* _WHAT YOU WILL DO_:
What is needed here is an exact printout of the data, with no pictures included.

* _DATA SHOWN_:
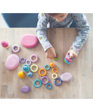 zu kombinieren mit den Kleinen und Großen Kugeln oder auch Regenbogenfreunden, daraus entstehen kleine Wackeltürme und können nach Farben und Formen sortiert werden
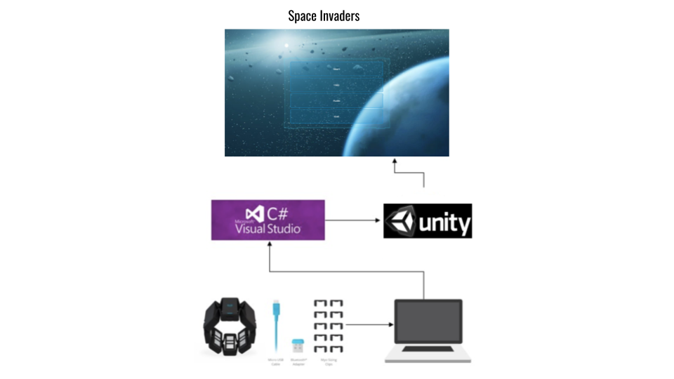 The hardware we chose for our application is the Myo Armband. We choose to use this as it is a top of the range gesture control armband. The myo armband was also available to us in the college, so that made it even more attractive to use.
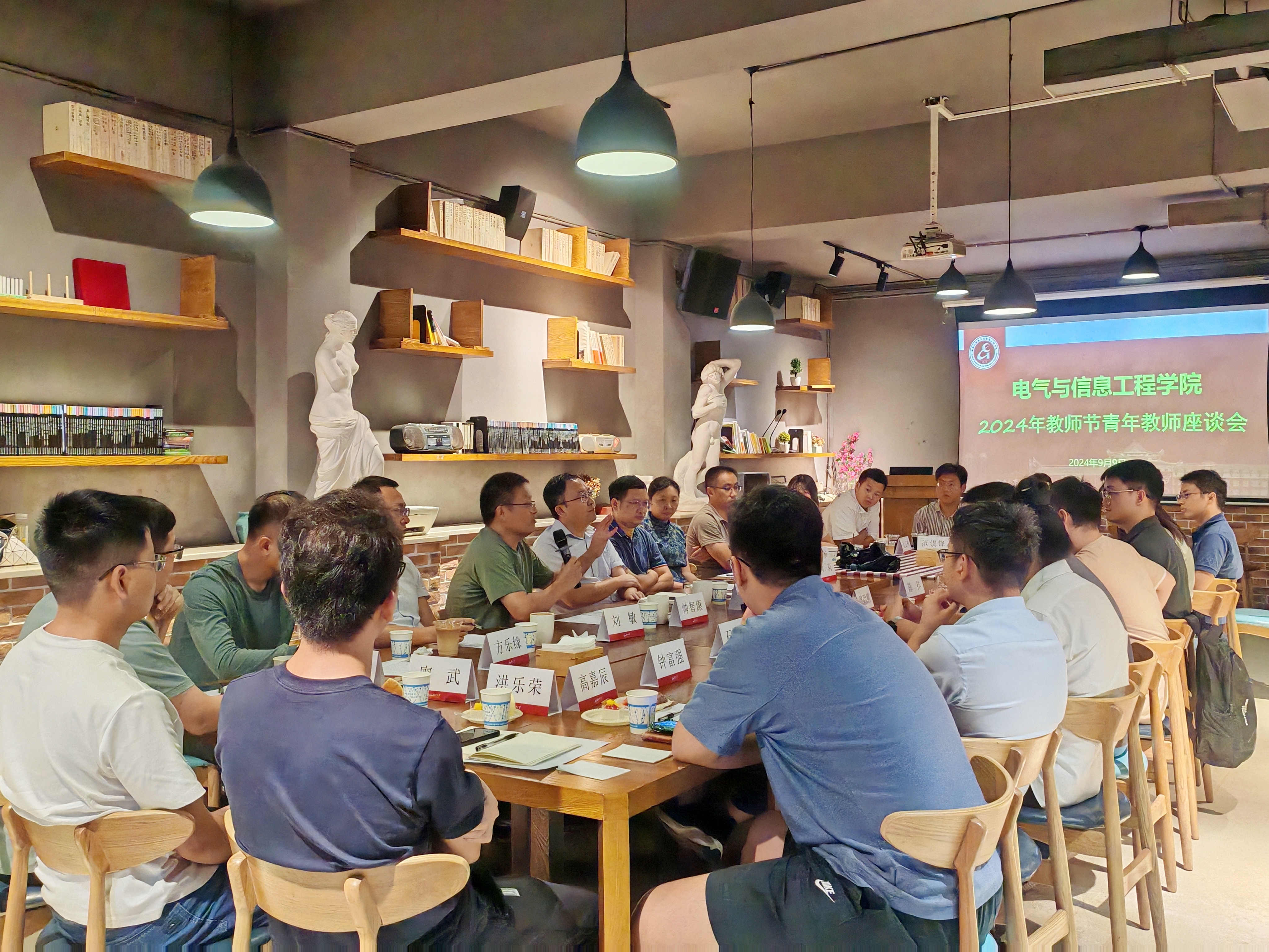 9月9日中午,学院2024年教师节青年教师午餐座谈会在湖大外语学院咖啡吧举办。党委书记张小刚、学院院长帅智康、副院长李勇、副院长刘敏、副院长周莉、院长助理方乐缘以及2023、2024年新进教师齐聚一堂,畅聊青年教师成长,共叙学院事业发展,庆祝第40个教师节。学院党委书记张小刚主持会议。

* _SOLVED EXERCISE_:
 zu kombinieren mit den Kleinen und Großen Kugeln oder auch Regenbogenfreunden, daraus entstehen kleine Wackeltürme und können nach Farben und Formen sortiert werden
 The hardware we chose for our application is the Myo Armband. We choose to use this as it is a top of the range gesture control armband. The myo armband was also available to us in the college, so that made it even more attractive to use.
 9月9日中午,学院2024年教师节青年教师午餐座谈会在湖大外语学院咖啡吧举办。党委书记张小刚、学院院长帅智康、副院长李勇、副院长刘敏、副院长周莉、院长助理方乐缘以及2023、2024年新进教师齐聚一堂,畅聊青年教师成长,共叙学院事业发展,庆祝第40个教师节。学院党委书记张小刚主持会议。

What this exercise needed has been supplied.